• Work instruction
Everything from the line with "lifað góðu lífi…" to the end of the data is to be retyped exactly, and nothing else.

• Extracted material
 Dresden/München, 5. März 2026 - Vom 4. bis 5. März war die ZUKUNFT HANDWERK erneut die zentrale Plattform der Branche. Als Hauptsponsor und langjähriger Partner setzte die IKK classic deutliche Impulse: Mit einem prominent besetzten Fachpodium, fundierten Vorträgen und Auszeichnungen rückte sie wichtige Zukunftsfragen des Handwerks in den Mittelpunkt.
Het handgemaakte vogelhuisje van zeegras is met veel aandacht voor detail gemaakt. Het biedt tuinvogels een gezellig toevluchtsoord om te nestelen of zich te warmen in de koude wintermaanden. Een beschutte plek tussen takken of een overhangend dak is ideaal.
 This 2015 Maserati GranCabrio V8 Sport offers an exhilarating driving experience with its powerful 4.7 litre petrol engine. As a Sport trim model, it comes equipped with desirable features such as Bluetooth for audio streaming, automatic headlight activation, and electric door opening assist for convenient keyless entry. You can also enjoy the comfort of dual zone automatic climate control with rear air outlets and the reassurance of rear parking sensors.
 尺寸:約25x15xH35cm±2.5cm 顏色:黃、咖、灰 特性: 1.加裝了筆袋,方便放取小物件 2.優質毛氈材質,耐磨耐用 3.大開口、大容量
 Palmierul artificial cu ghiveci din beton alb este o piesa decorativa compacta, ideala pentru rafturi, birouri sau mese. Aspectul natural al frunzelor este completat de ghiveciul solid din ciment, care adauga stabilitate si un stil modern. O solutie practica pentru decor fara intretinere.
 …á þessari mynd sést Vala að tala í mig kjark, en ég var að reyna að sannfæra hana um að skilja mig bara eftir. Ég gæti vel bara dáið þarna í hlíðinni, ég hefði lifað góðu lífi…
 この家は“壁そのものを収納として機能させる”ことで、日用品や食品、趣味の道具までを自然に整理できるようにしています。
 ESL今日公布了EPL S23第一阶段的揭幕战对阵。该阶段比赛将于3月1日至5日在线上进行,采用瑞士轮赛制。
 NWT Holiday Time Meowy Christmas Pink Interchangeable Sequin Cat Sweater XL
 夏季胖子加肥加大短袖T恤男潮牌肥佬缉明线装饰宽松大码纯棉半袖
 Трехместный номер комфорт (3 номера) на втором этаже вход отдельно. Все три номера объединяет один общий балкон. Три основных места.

• Exercise answer
 …á þessari mynd sést Vala að tala í mig kjark, en ég var að reyna að sannfæra hana um að skilja mig bara eftir. Ég gæti vel bara dáið þarna í hlíðinni, ég hefði lifað góðu lífi…
 この家は“壁そのものを収納として機能させる”ことで、日用品や食品、趣味の道具までを自然に整理できるようにしています。
 ESL今日公布了EPL S23第一阶段的揭幕战对阵。该阶段比赛将于3月1日至5日在线上进行,采用瑞士轮赛制。
 NWT Holiday Time Meowy Christmas Pink Interchangeable Sequin Cat Sweater XL
 夏季胖子加肥加大短袖T恤男潮牌肥佬缉明线装饰宽松大码纯棉半袖
 Трехместный номер комфорт (3 номера) на втором этаже вход отдельно. Все три номера объединяет один общий балкон. Три основных места.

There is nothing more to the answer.